しかしながら多くの陰嚢ヘルニアについては手術の必要がないだろう。

この理由としては脱出している内容物を用手にて毎日、押し戻す処置を行えばほとんどの陰嚢ヘルニアは外科的介入無しで治癒するからである。用手にてヘルニア内容物を優しく腹腔内に押し戻し、精巣を優しく引っ張ることで処置できる。鼠径輪付近では特に優しく精巣にテンションをかけていく、内蔵が鼠径管に入り込まないように注意する。この方法は容易に畜主が習得することができ、この方法を2−3ヶ月続けることで多くの症例が治癒する。

種々の外科的治療方法が外科学の教科書に記載されている。外科的手術は選択的に実施され、通常、同時に片側の去勢が実施される。外科手術の適応例としては、合併症が認められるもの(脱出した腸管の嵌頓もしくは絞扼)、用手処置を2−3ヶ月継続しても改善がみとめられないもの、そして、用手処置を行っているにも関わらずヘルニア輪が大きくなってきたものとなる。

外科的治療は無菌的に仰臥位で行われる。
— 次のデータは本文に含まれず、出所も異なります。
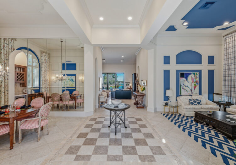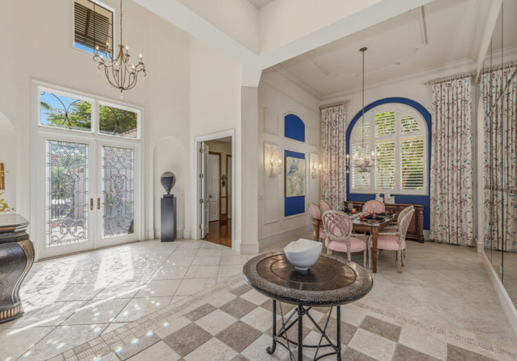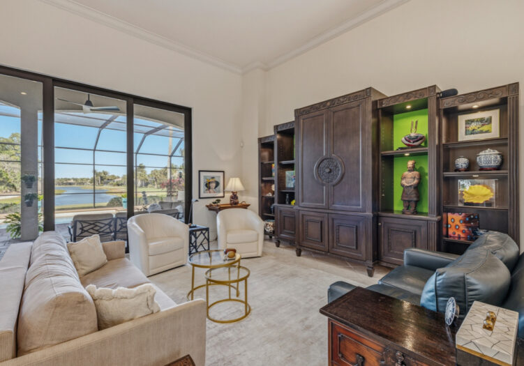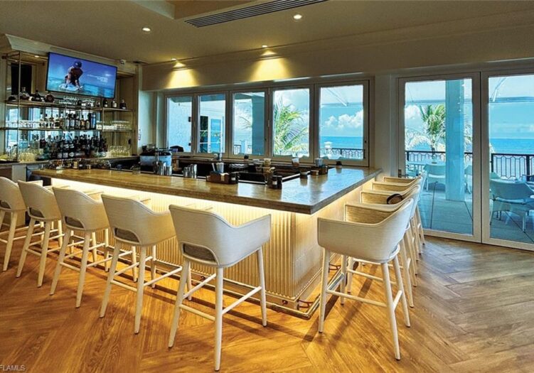 GOLF MEMBERSHIP AVAILABLE IMMEDIATELY. NEWLY RENOVATED PRIVATE BEACH CLUB IN MEDITERRA. Beyond the private entry courtyard of this stunning home, stroll through beautiful glass french doors that open into an expanded foyer with a soaring high ceiling & brightened flooring, leading the way to the stately formal living & dining rooms. Highlights include a gourmet kitchen with premium stainless steel appliances, breakfast bar, butler’s pantry, wine cooler, waterfall center island with white quartz countertops, gold accent finishes, and new lighting. Stacking sliders in the great room, with a light, neutral paint palette to accentuate the expansive lake view. The primary suite features a sitting area & private outdoor access. The primary bath is a haven with dual vanities, a soaking tub, and a glass-encased shower. Two guest suites come complete with private baths & marble countertops. The office has been updated with a neutral palette & LED lighting for the wood built-ins. It is ideal for entertaining with a summer kitchen, outdoor gas fireplace, custom pool & spillover spa with fountains. Additional updates include a contemporary-style powder room & laundry room with Quartz counters, 3-car garage with extensive built-ins & tankless water heater. Mediterra is a prestigious luxury golf & country club community featuring Two championship Tom-Fazio golf courses for avid golfers, a private beach club with restaurant & bar, multiple tennis courts, pickle-ball & bocce, fitness center, pristine bike & jogging trails, and luxurious dining at the private country club restaurant. The Mediterra Beach Club offers an escape to a 10,000 sq. ft two-story private oceanfront paradise on the Gulf of Mexico. Featuring a restaurant & bar that serves members via indoor & outdoor dining, this private facility boasts a heated swimming pool, a sundeck, and cabana beach service for chairs, umbrellas & refreshments.
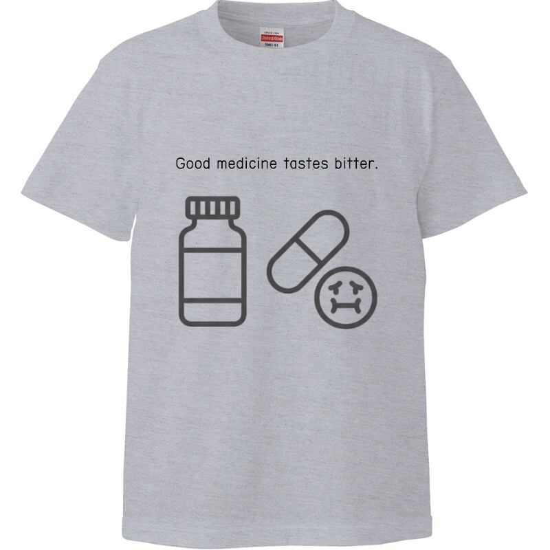「良薬は口に苦し(Good medicine tastes bitter. )」をシンプルにデザインしました。「良薬は口に苦し」は"自分のためになる忠告は聞き入れにくいこと"を意味することわざです。本当にそうですよね。自分のためになる言葉こそ受け入れにくいものですよね。
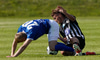 Alltof seinn í tæklingu á Alexander sem lá óvígur eftir. Eftir aðhlynningu getur hann þó haldið leik áfram.
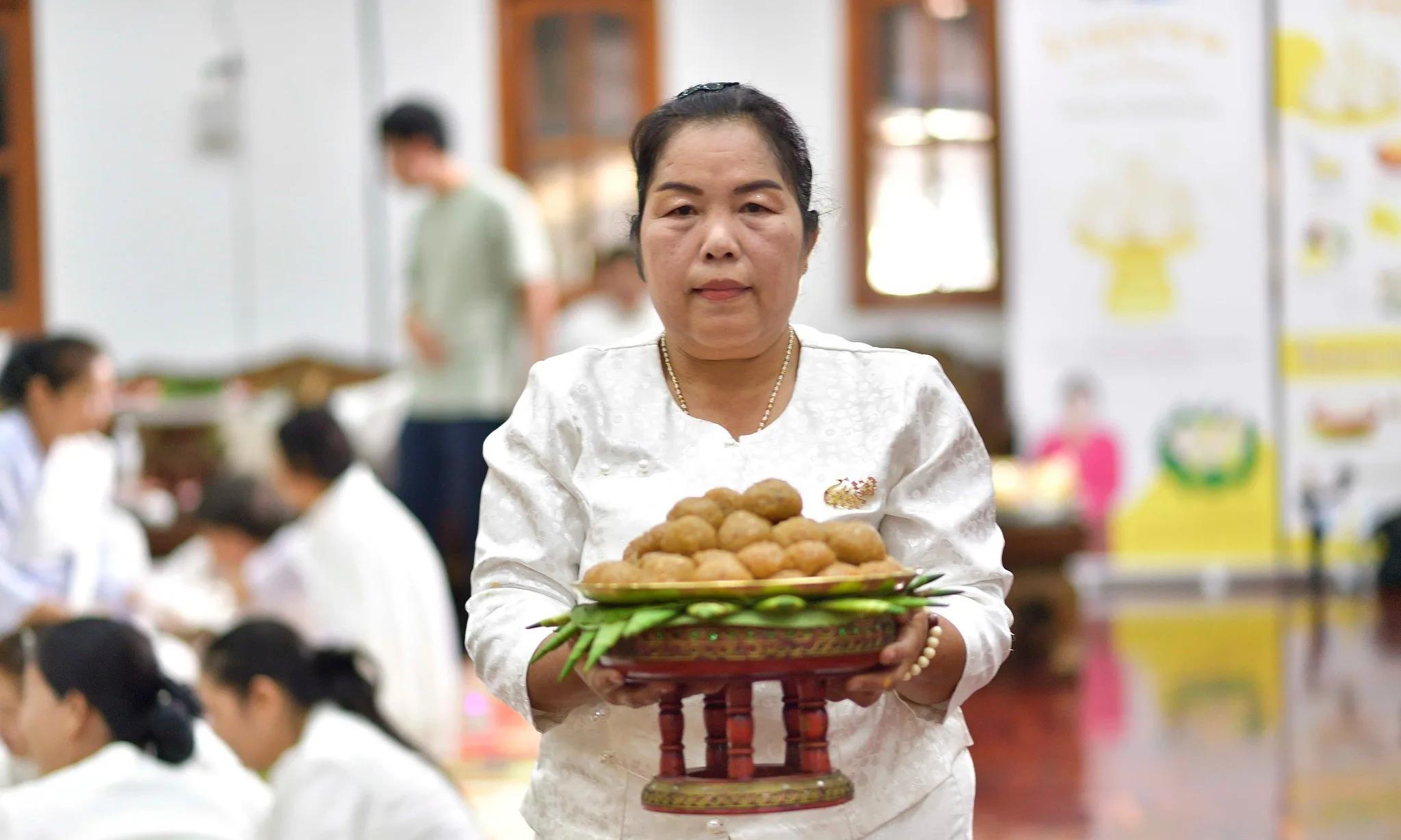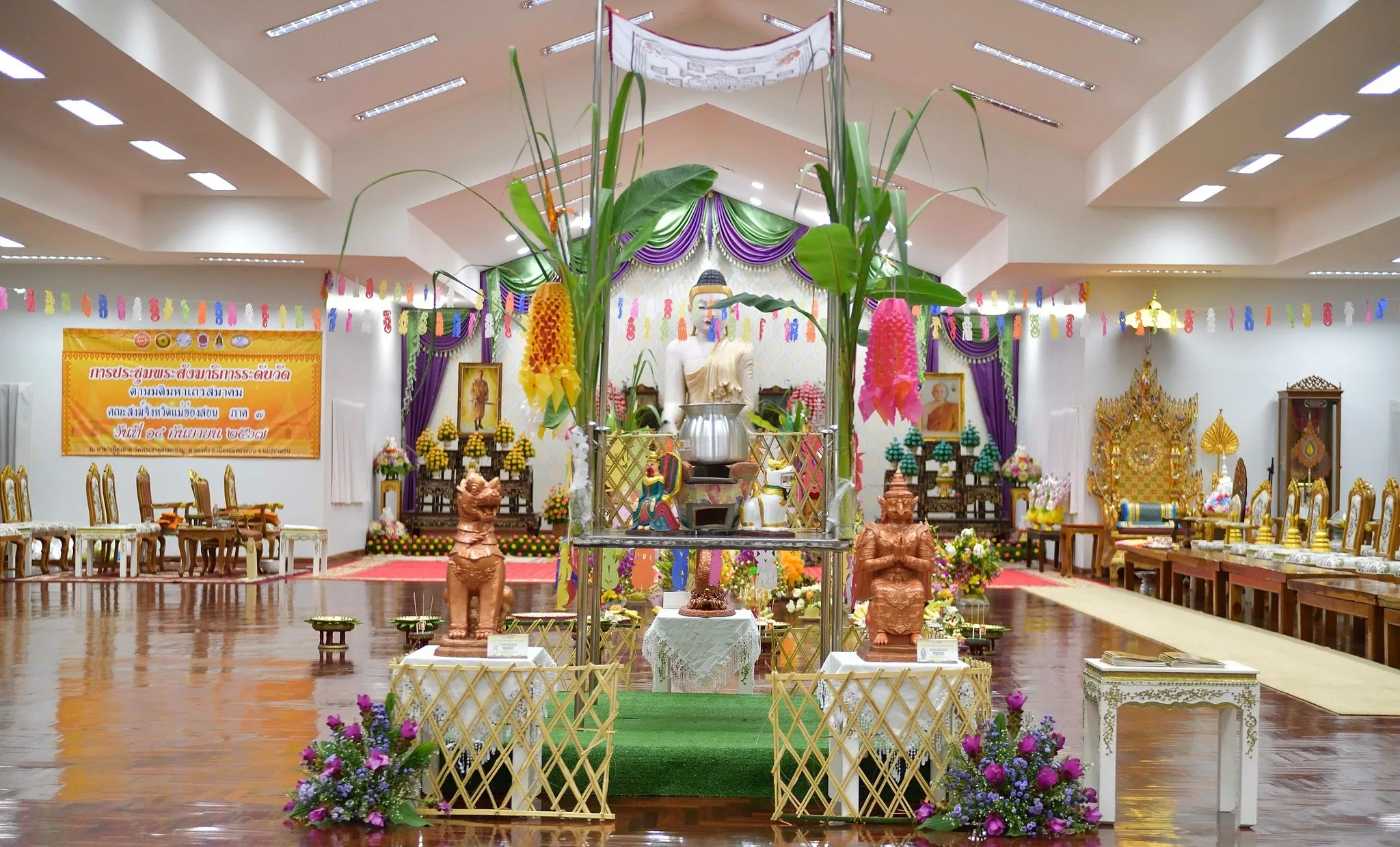 เวลา 06.00 น. พระสงฆ์สวดถวายพรพระ ถวายภัตตาหารเช้า แด่พระภิกษุสามเณร และเลี้ยงอาหารคณะศรัทธา

切開は外鼠径輪上に行われる(通常触診可能)精巣鞘膜を深部組織から分離するが、切開しないように注意する。

精巣を精索を繰り返し捻りながら牽引する。これは捻ることでヘルニアの内容を腹腔内に押し戻すことができる。精索を外鼠径輪に縫い付け固定する。外鼠径輪を太めの吸収糸で頭ー尾側方向に閉鎖する。精巣を去勢し、皮膚縫合を実施する。
さらに近年、腹腔鏡による手術方法が報告されている。腸管の絞扼性病変が疑われ、コントロールできない疼痛を示す症例については常に外科的治療の対象となる。
(翻訳引用終了)

教科書を読む限りでは外科的な介入が必要なケースはまれなように思える。
合併症が認められない状態であれば、用手処置を継続して行い、2−3ヶ月齢になっても改善しない場合のみが手術対象となるのだろう。

これまでに僕自身も何度か新生子馬の鼠径ヘルニアに遭遇している。ただし、手術を実施した記憶はない。
実際に経験した症例では全てで、脱出している内容物を腹腔内に押し戻す処置を継続的に行う事で良好な治癒を得ている。

脱出した内容物を腹腔内に押し戻すのは、新生子馬が横臥になっている際に行うとスムーズだと思う。時折、立位のまま、内容物を腹腔内に押し戻すことを試みる方もいるけど、立位ではすぐに内容物は脱出してしまう。

子馬は横臥になっている時間がかなり長いので、横臥になっている際に、近づき、内容物を押し戻す事がうまくいくコツだ。